The Raspberry Pi Zero was configured to run both the Tesseract and OpenCV software and process scanned images. Once the character recognition was completed by Tesseract, the resultant ASCII code was converted to a braille equivalent array of six voltage outputs via the GPIO pins. The complete code for this project can be found on Github [27].

A total of 5 experiments were run with the aim to test processing speed and accuracy of the OCR subsystem. In order to retain homogeneity within the tests, all test samples were arranged as the alphabet from A to Z. The variables that were changed were font, number of characters per sample, quality of scan image and lower case versus upper case.

Each image sample was uploaded to the OCR program. Thereafter, the code was run, and the processing time and output were recorded for analysis.

3.4 Electronic control system

Figure 6illustrates a detailed schematic of the final electrical system implemented in the design. This subsystem was designed upon the analysis of the OCR and actuation requirements. All components were of the appropriate size to be arranged on the dorsal size of the hand, allowing for full wrist and finger mobility. Approximate weight of all components was 0.160 kg. The casing design of the electrical components and circuit were 3D printed. The complete prototype design is represented in figure 7

One of the major drawbacks of DEA technology is the requirement for a high driving voltage. Literature indicates common voltage ranges of 500 V to 10 000 V [28], however, lower driving voltages have been researched through stacking multiple DEA layers to create an equivalent displacement [13]. Upon consideration of similar diaphragm-type applications, a maximum driving voltage of 5000 V was selected. Of course, this brings to question the portability and safety of the device.

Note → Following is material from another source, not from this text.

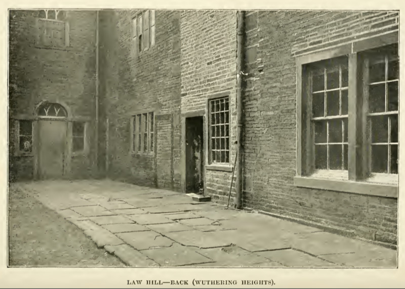 Here we see an image of Law Hill, a house near Halifax, England, on which Emily Bronte based the estate of Wuthering Heights. In this image we see the back of the house, taken from the courtyard on the back entrance to the house. This is the second in a series of photographs of the house, with others of the front and the outbuilding. The image is a reproduction of a photograph using a technique called photogravure, where photographs are taken on plates which could then be etched on to create a plate for use in a printing press.

Driving currents of DEAs are very low and, due to electrostatic properties, will only require power during area expansion [28]. Therefore, the low power requirements allowed the authors to implement a miniature DC to high voltage DC converter manufactured by XP EMCO. Two series were used during the design and manufacture of the device, the G50 was used during proof-of-concept testing and material selection of the DEA and the A50 was designated as the series to be used in the final design. The A50P-5 series was selected due to its small frame of 28.69 x 6.35 x 11.43 mm and low input voltage of 5 V [29]. The rated power of the converter is 1 W, further ensuring the safety of the user along with its insulated casing.

In order to protect the sensitive circuitry of the Raspberry Pi Zero the high voltage side of the circuit was required to be isolated from the low voltage control side. This was achieved using six high voltage reed relays, specifically Pickering 67-1-A-5/2-D reed relays [30].

Two 3,7 V lithium polymer batteries were selected to power the prototype device. One of the batteries was connected solely to the Raspberry Pi via a power booster and charger module. This served to protect the Pi from possible voltage surge at the input side should the relays or the DC-HV DC converter be connected along the same circuit. The connection of the relays to an external power source further prevented the chance of the voltage spike on the output side of the Pi when a relay switch was de-energized.

It was further recommended by the Raspberry Pi manufacturers that only 3.3 V signal logic be utilized at the output of the General-Purpose Input/Output (GPIO) pins [31]. The Pickering relays have a listed 'must operate voltage' of 3.75 V and a recommended voltage input of 5 V. This problem was circumvented by the introduction of ULN2003 Darlington transistor. The transistor made it possible to carry the required current of 125 mA per GPIO for the successful operation of the relay.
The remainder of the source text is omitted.